Just upgraded from 2.4.19 to 2.6.2 and got this error:
2024-10-24 16:21:00.212 ERR pkg/clickhouse/clickhouse.go:1290 > `srv_s3`.`player_joinquit` have incompatible data types []string{"Nullable(Enum8('disconnect' = 1, 'timeout' = 2, 'kicked' = 3, 'fake' = 4))", "Nullable(Enum8('disconnect' = 1, 'timeout' = 2, 'kicked' = 3))"} for "eventType" column
2024-10-24 16:21:00.212 ERR pkg/backup/create.go:278 > b.AddTableToLocalBackup error: `srv_s3`.`player_joinquit` have inconsistent data types for active data part in system.parts_columns table=srv_s3.player_joinquit
ClickHouse server version 23.12.2.59 (official build).
Config
general:
remote_storage: s3 # REMOTE_STORAGE, choice from: `azblob`,`gcs`,`s3`, etc; if `none` then `upload` and `download` commands will fail.
max_file_size: 1073741824 # MAX_FILE_SIZE, 1G by default, useless when upload_by_part is true, use to split data parts files by archives
backups_to_keep_local: 10 # BACKUPS_TO_KEEP_LOCAL, how many latest local backup should be kept, 0 means all created backups will be stored on local disk
# -1 means backup will keep after `create` but will delete after `create_remote` command
# You can run `clickhouse-backup delete local <backup_name>` command to remove temporary backup files from the local disk
backups_to_keep_remote: 0 # BACKUPS_TO_KEEP_REMOTE, how many latest backup should be kept on remote storage, 0 means all uploaded backups will be stored on remote storage.

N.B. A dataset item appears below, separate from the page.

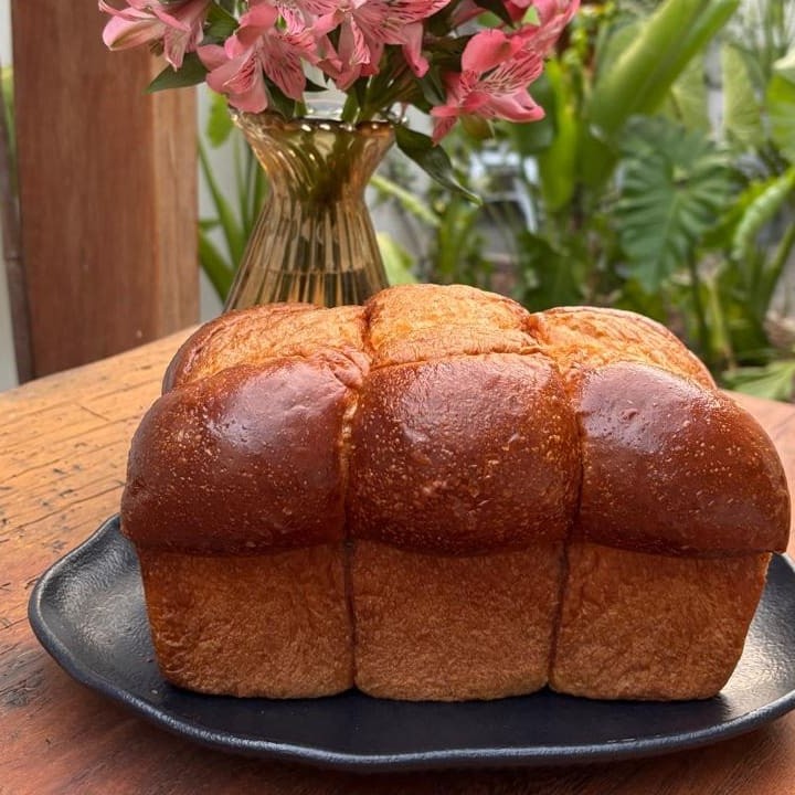 Pão bem amanteigado e levemente adocicado. Macio, levinho e extremamente saboroso

# If old backups are required for newer incremental backup then it won't be deleted. Be careful with long incremental backup sequences.
log_level: info # LOG_LEVEL, a choice from `debug`, `info`, `warning`, `error`
allow_empty_backups: false # ALLOW_EMPTY_BACKUPS
# Concurrency means parallel tables and parallel parts inside tables
# For example, 4 means max 4 parallel tables and 4 parallel parts inside one table, so equals 16 concurrent streams
download_concurrency: 2 # DOWNLOAD_CONCURRENCY, max 255, by default, the value is round(sqrt(AVAILABLE_CPU_CORES / 2))
upload_concurrency: 2 # UPLOAD_CONCURRENCY, max 255, by default, the value is round(sqrt(AVAILABLE_CPU_CORES / 2))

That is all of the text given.